To reiterate: Some Assembly Required is a weekly audio art show focused on works of appropriation. NEW episodes currently air in syndication on two dozen college, community and public radio stations across the US And Canada. For more information about the show, and who is syndicating, visit the Some Assembly Required website, at: www.some-assembly-required.net
THE PODCAST is an attempt to archive OLD episodes - I'll be uploading a new (old) episode every Monday, starting today (1/2/06). We're starting with the last episode of the second year in syndication (episode 104) and working our way backward. So next monday, the podcast will be episode 103, and the following Monday, we'll podcast episode 102, and so on. It might be a little confusing, for those of you who subscribed and/or downloaded the trial episode a couple of weeks ago, as the episode we used then was also episode 104. That's what I'm posting today as well. Don't worry - next monday, and every monday afterward, there will be "new" episodes being podcast...

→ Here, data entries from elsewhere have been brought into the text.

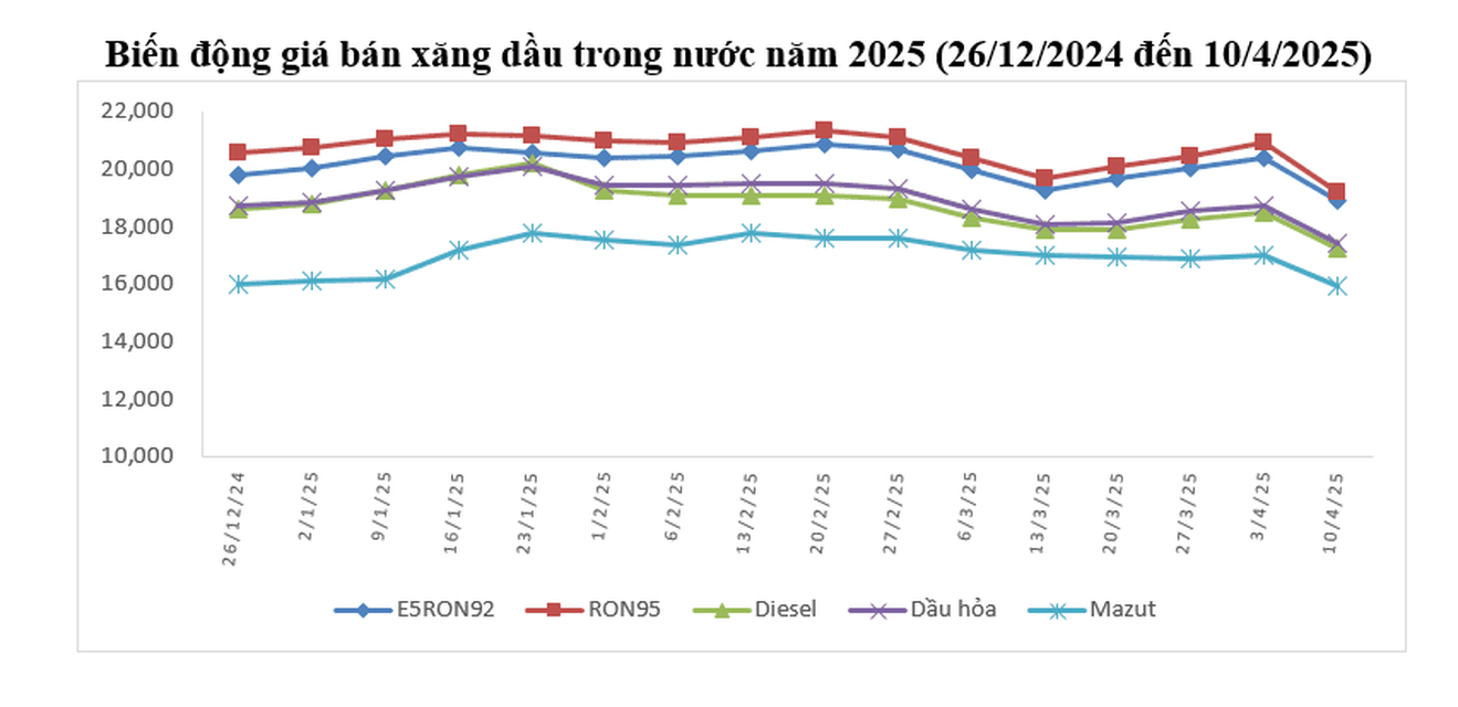 Dầu diesel 0.05S có giá mới 17.243 đồng/lít, giảm 1.235 đồng/lít. Dầu hỏa có giá mới 17.413 đồng/lít, giảm 1.322 đồng/lít so với giá hiện hành; dầu mazut 180CST 3,5S được điều chỉnh ở mức 15.902 đồng/kg, giảm 1.124 đồng/kg.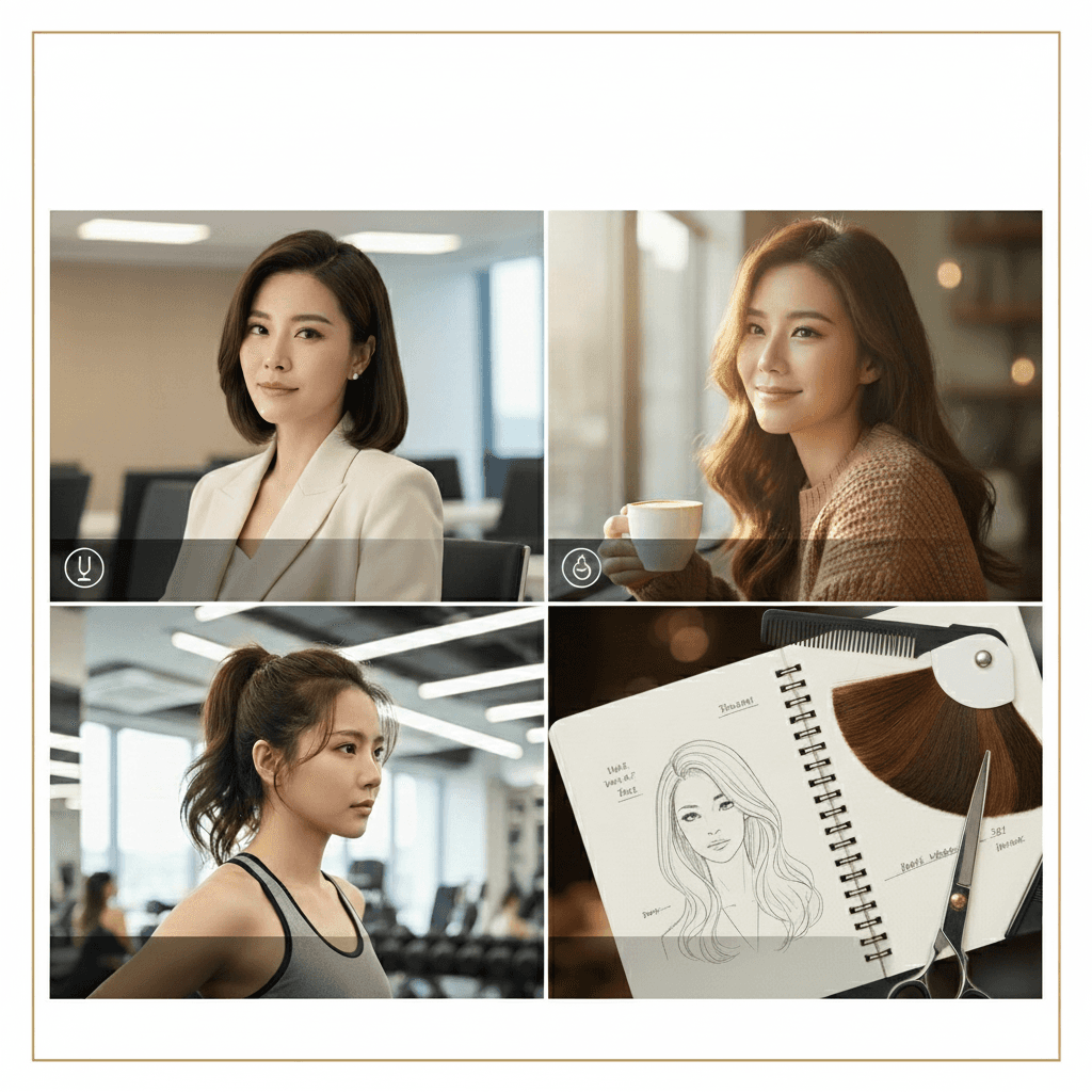 • 深髮:容易讓五官變深邃,但也可能顯得嚴肅、壓重整張臉。 • 淺髮:顯得有精神、輕盈,但過淺可能顯得輕浮或「搶掉」五官焦點。 • 棕髮:氣質最穩定、最日常,是安全牌。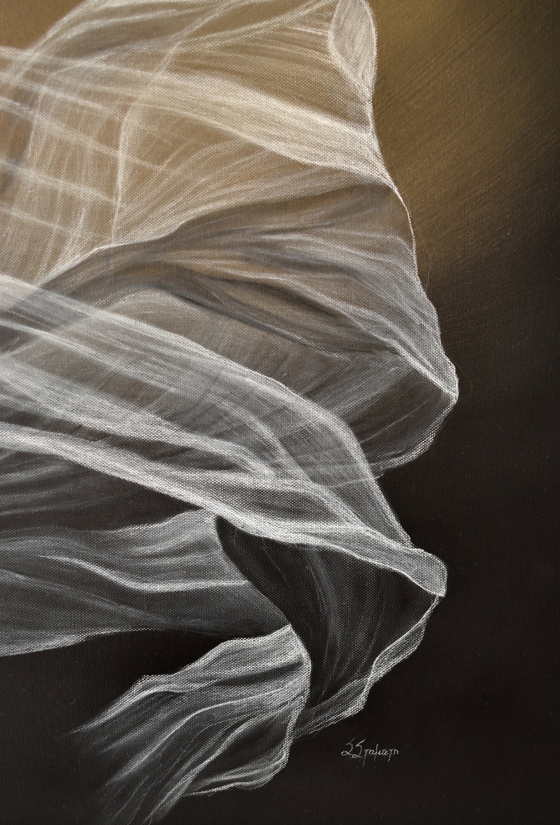 A woman with her eyes covered lets the wind carry her, as if she chooses not to see the truth around her. The veil is not only imposed by society but also serves as her own defense against a reality that might be painful. It symbolizes silent acceptance, yet also the moment before awakening.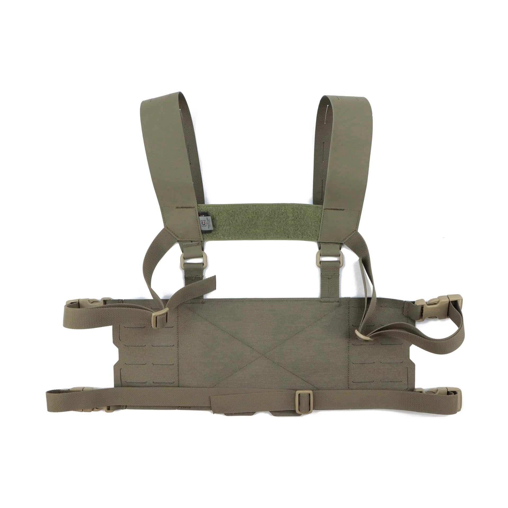 The Chesty Rig Wide Harness offers compatibility with front flaps as well as two columns of MOLLE on each side of the front flap. Front flaps can be quickly interchanged between the Chesty Rig, Slickster, as well as the FCPC V5.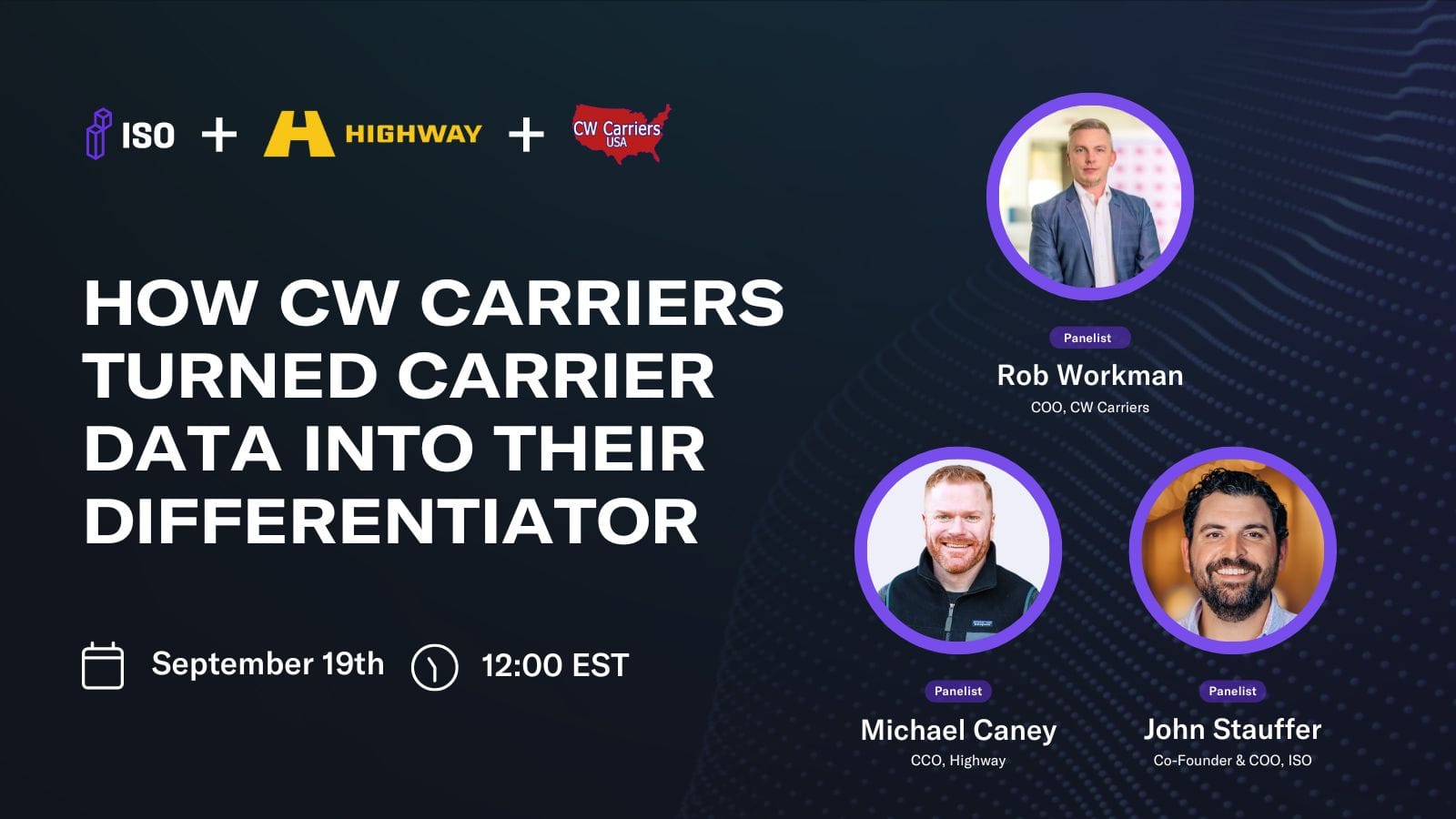 Join industry leaders from ISO*, Highway, and CW Carriers on September 19th at 12 PM EST to discover how smart data utilization can transform your carrier strategy.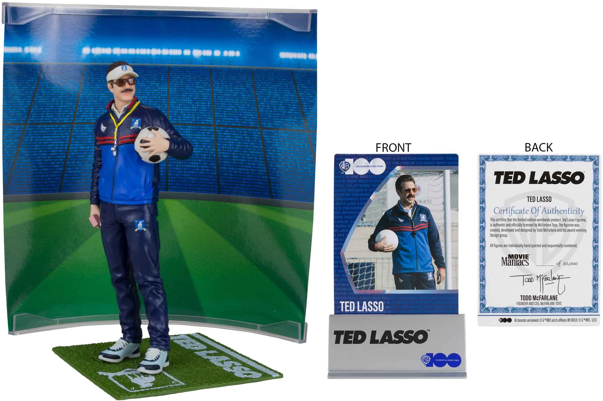 Description: Introducing Movie Maniacs! These incredibly detailed, limited edition 6" scale figures includes a scenic printed back drop and environmental base display along with an art card with numbered certificate of authenticity. Figure is showcased in WB100 Anniversary themed window box packaging, and includes a hidden surprise item! Be sure to collect them all! Movie Maniacs: Ted Lasso is limited to an edition of 20,000. .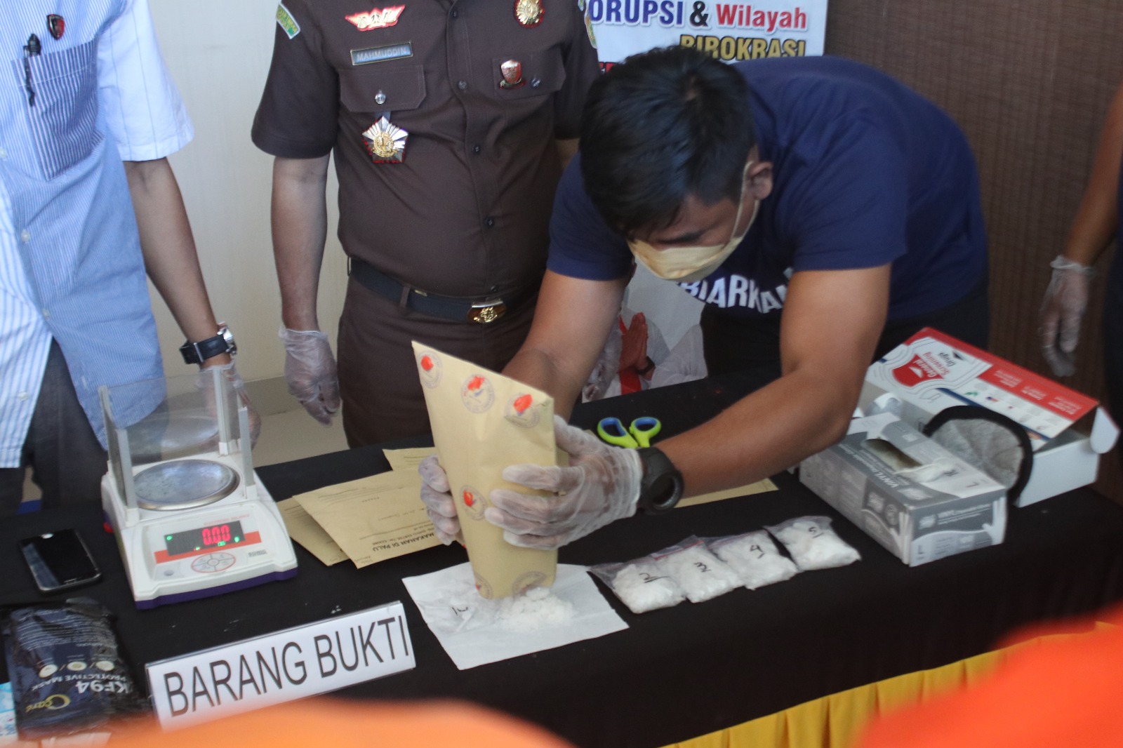 Dihadapan awak media AKBP Pradipta Mahayana mengungkapkan sebanyak 375,8412 gram barang bukti narkotika jenis sabu hari ini dimusnahkan. Barang bukti tersebut disita dari 4 kasus dengan 5 pelaku.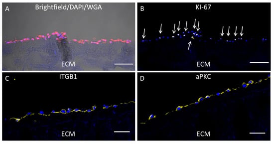 Cultivation of primary human keratinocytes (NHEK) on decellularized extracellular matrix (ECM). The 8 µm sections of ECM were analyzed by microscopy. NHEK grown on decellularized ECM for 2 days were treated with CF594 (red) coupled wheat germ agglutinin (WGA) for staining of sialic acid. N-acetylglucosamin on cell membranes and ECM structure was visualized with a brightfield channel (A). After permeabilization, KI-67 (B) as a proliferation marker (proliferative cells indicated by arrows), integrin beta 1 (ITGB1) as basal polarization marker (C) and the atypical protein kinase C (aPKC) as apical polarization marker (D) were visualized with polyclonal antibodies and AF647 (yellow) coupled anti-rabbit secondary antibodies. Cellular nuclei were counterstained with DAPI (blue). Scale bar = 100 µm.
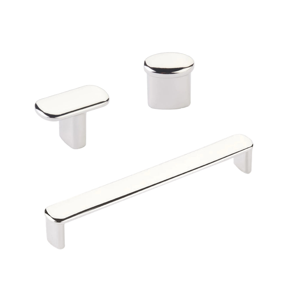 Collection of Lake drawer pulls and cabinet knobs in a wide range of sizes in polished nickel which work perfectly as a drawer pulls and cabinet door handles. Comes with screws.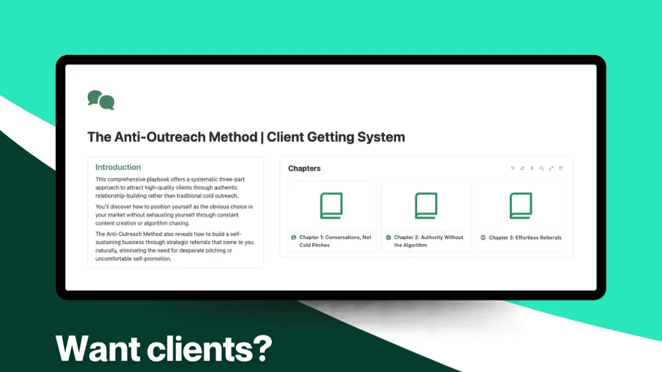 This comprehensive playbook offers a systematic three-part approach to attract high-quality clients through authentic relationship-building rather than traditional cold outreach.
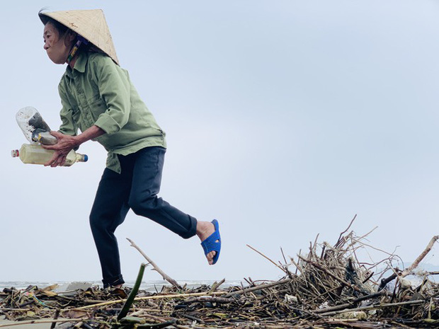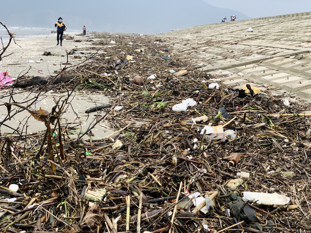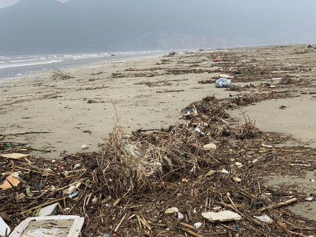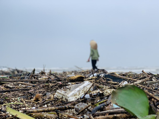 Sau khi lũ rút, khoảng 1km bờ biển ở xã Thạch Kim (huyện Lộc Hà, tỉnh Hà Tĩnh) có hàng tấn rác thải trôi dạt vào, nguy cơ ô nhiễm môi trường.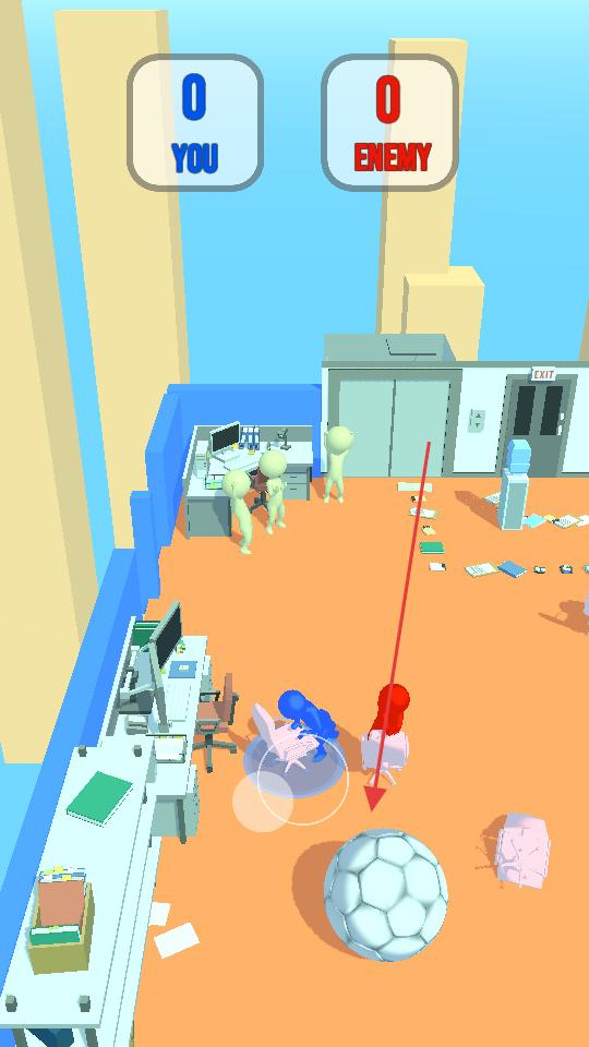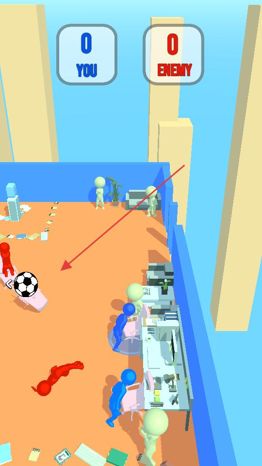 3、尋找合適的射門機會,同時防范紅色敵人前來爭搶,此時留意辦公室內的障礙物和可利用的空間,規劃射門路線。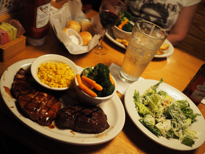 První totálně americký jídlo a zároveň nejlepší steak jakej jsem kdy měla. K němu ještě žebra, steakové hranolky a vařená zelenina. NEJ-LEP-ŠÍ.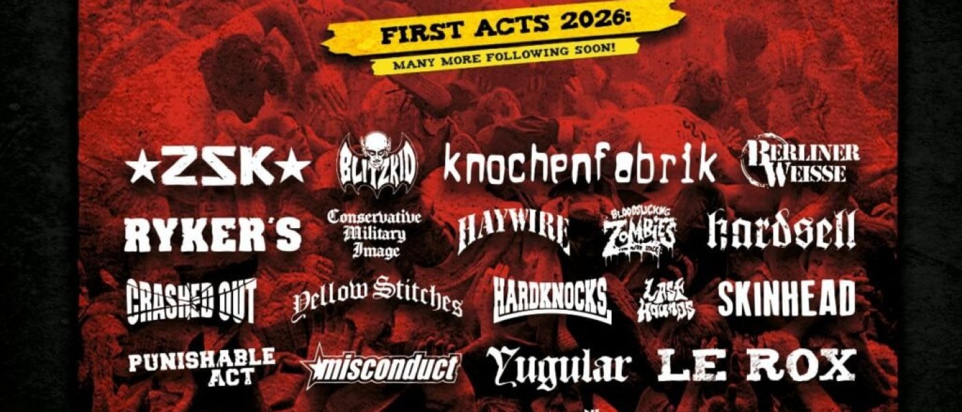 The 2026 edition features 33 artists. Headliners include THE EXPLOITED, THE ADICTS, THE CASUALTIES, and ZSK. The lineup covers a wide musical spectrum.

My next blog post will be really short - just the name of the show, a playlist and a link to the podcast for episode 104. Thanks again for being here from the very beginning. As of right now, we have over 200 subscribers to the podcast. That's a pretty good start! Thanks for subscribing. Please let others know about the show, and feel free to get in touch with questions, comments, even constructive criticism. I'm brand new to podcasting and could use good advice, if you're so inclined. There's contact info at the Some Assembly Required website: www.some-assembly-required.net

Okay. Thats good for now. Podcasting will commence this evening!